• **Problem statement**: What you should give back is a precise copy of the lines below from the one containing "AIDES AUX EQUIPEMENTS" through the one containing "Massa de trigo", with no pictures.

• **Exercise data**:
==*==

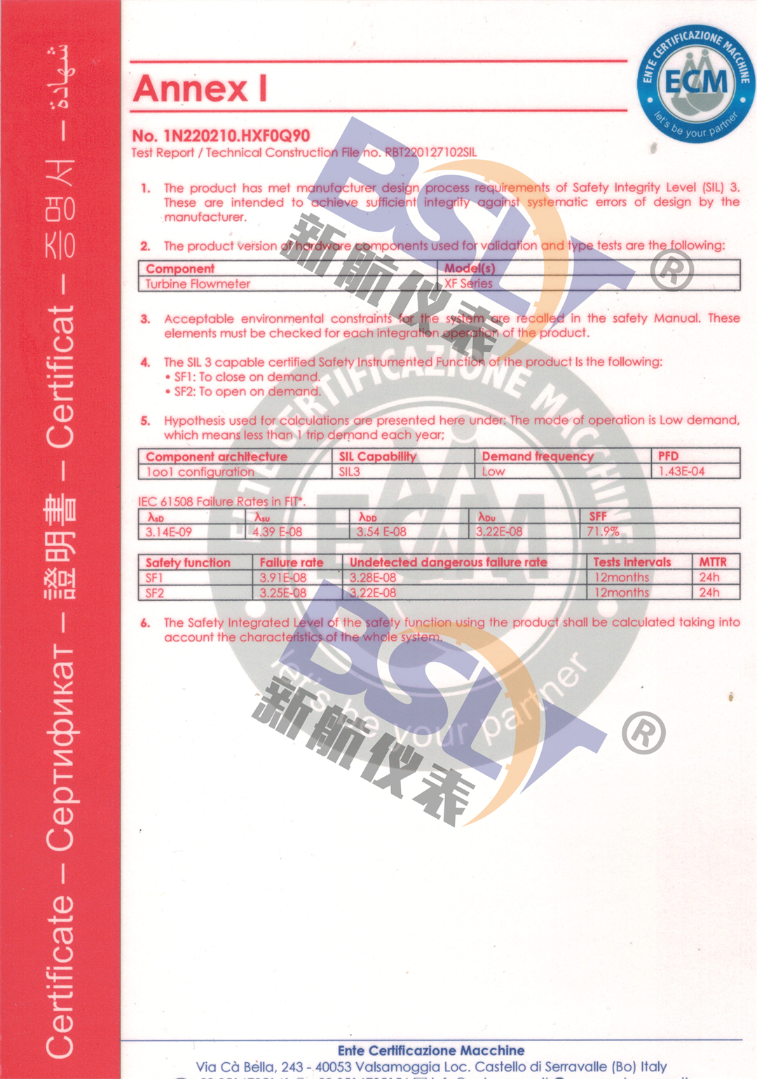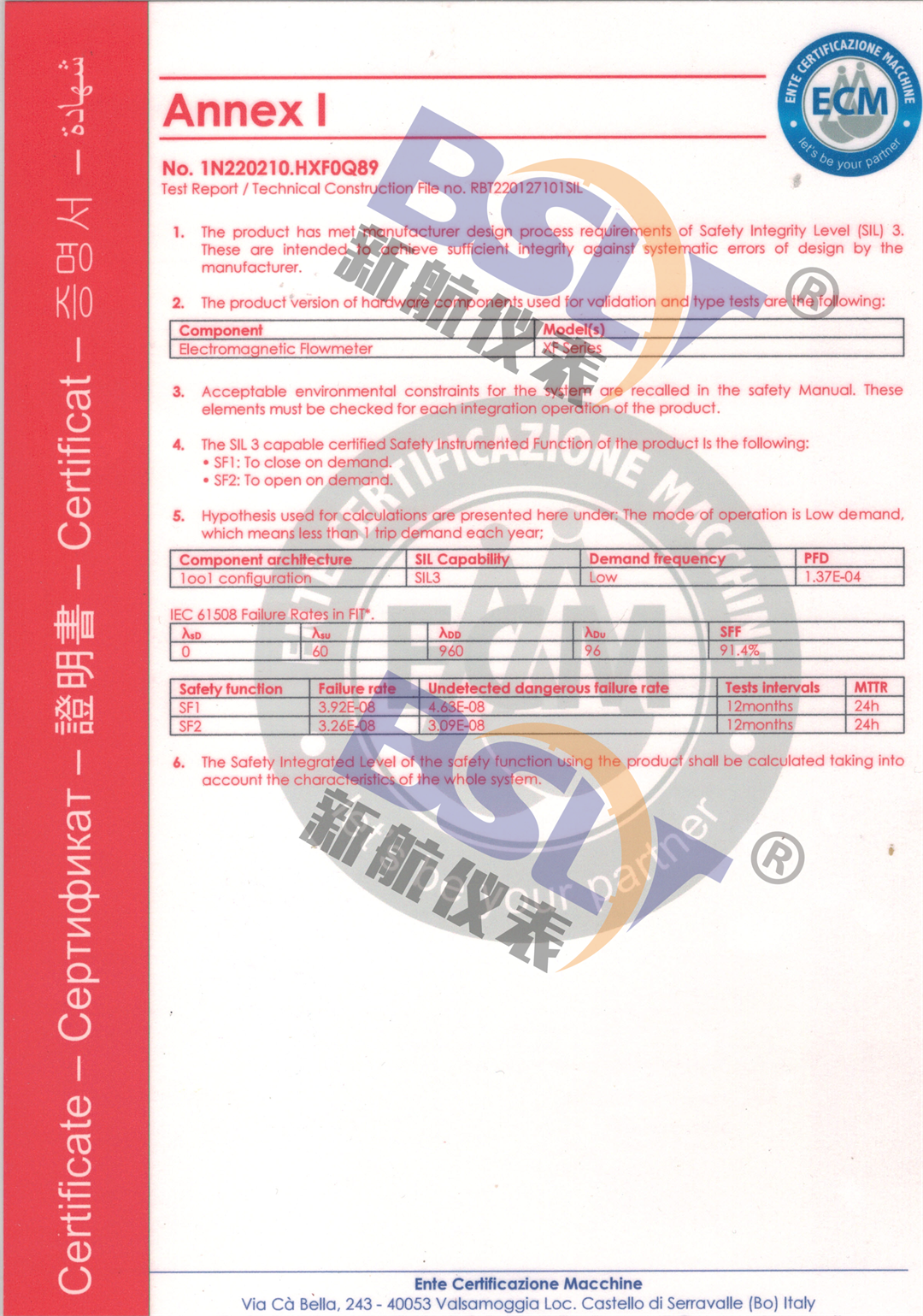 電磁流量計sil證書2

==*==

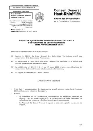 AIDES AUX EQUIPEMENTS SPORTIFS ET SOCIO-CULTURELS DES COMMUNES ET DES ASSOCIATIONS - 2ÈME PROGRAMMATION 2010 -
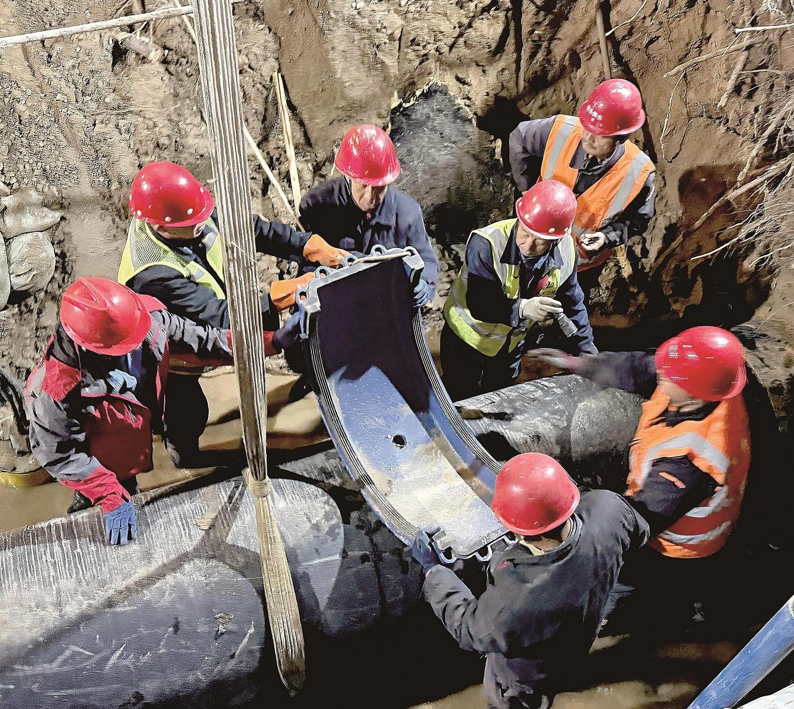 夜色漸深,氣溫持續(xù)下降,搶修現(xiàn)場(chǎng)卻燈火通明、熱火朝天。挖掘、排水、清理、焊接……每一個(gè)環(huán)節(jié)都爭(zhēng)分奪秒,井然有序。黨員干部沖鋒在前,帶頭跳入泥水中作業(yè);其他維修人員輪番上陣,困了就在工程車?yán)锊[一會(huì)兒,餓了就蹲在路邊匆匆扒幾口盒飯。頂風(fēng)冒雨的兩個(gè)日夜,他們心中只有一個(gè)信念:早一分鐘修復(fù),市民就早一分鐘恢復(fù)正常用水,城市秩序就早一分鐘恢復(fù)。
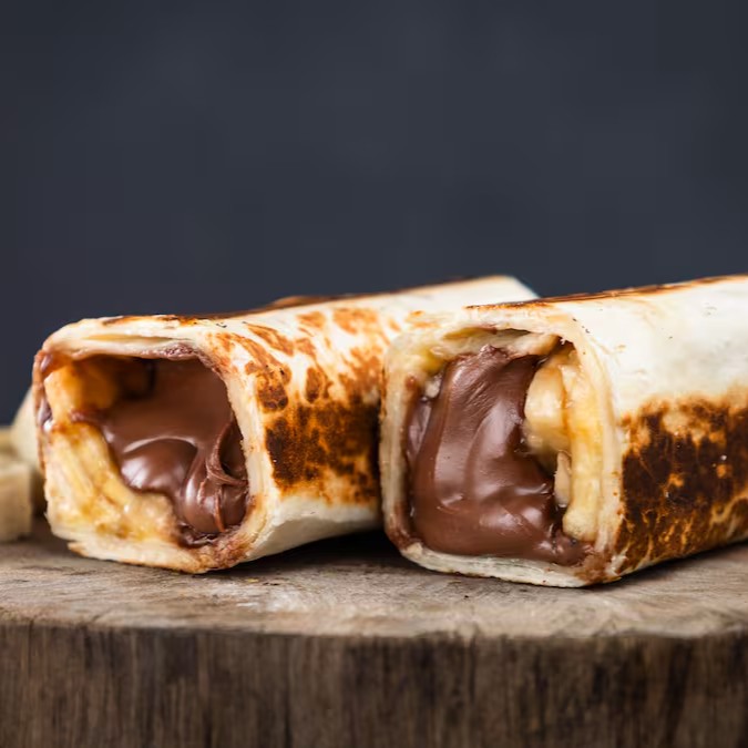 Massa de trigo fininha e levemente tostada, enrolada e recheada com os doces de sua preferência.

==*==

• **Exercise output**:
 AIDES AUX EQUIPEMENTS SPORTIFS ET SOCIO-CULTURELS DES COMMUNES ET DES ASSOCIATIONS - 2ÈME PROGRAMMATION 2010 -
 夜色漸深,氣溫持續(xù)下降,搶修現(xiàn)場(chǎng)卻燈火通明、熱火朝天。挖掘、排水、清理、焊接……每一個(gè)環(huán)節(jié)都爭(zhēng)分奪秒,井然有序。黨員干部沖鋒在前,帶頭跳入泥水中作業(yè);其他維修人員輪番上陣,困了就在工程車?yán)锊[一會(huì)兒,餓了就蹲在路邊匆匆扒幾口盒飯。頂風(fēng)冒雨的兩個(gè)日夜,他們心中只有一個(gè)信念:早一分鐘修復(fù),市民就早一分鐘恢復(fù)正常用水,城市秩序就早一分鐘恢復(fù)。
 Massa de trigo fininha e levemente tostada, enrolada e recheada com os doces de sua preferência.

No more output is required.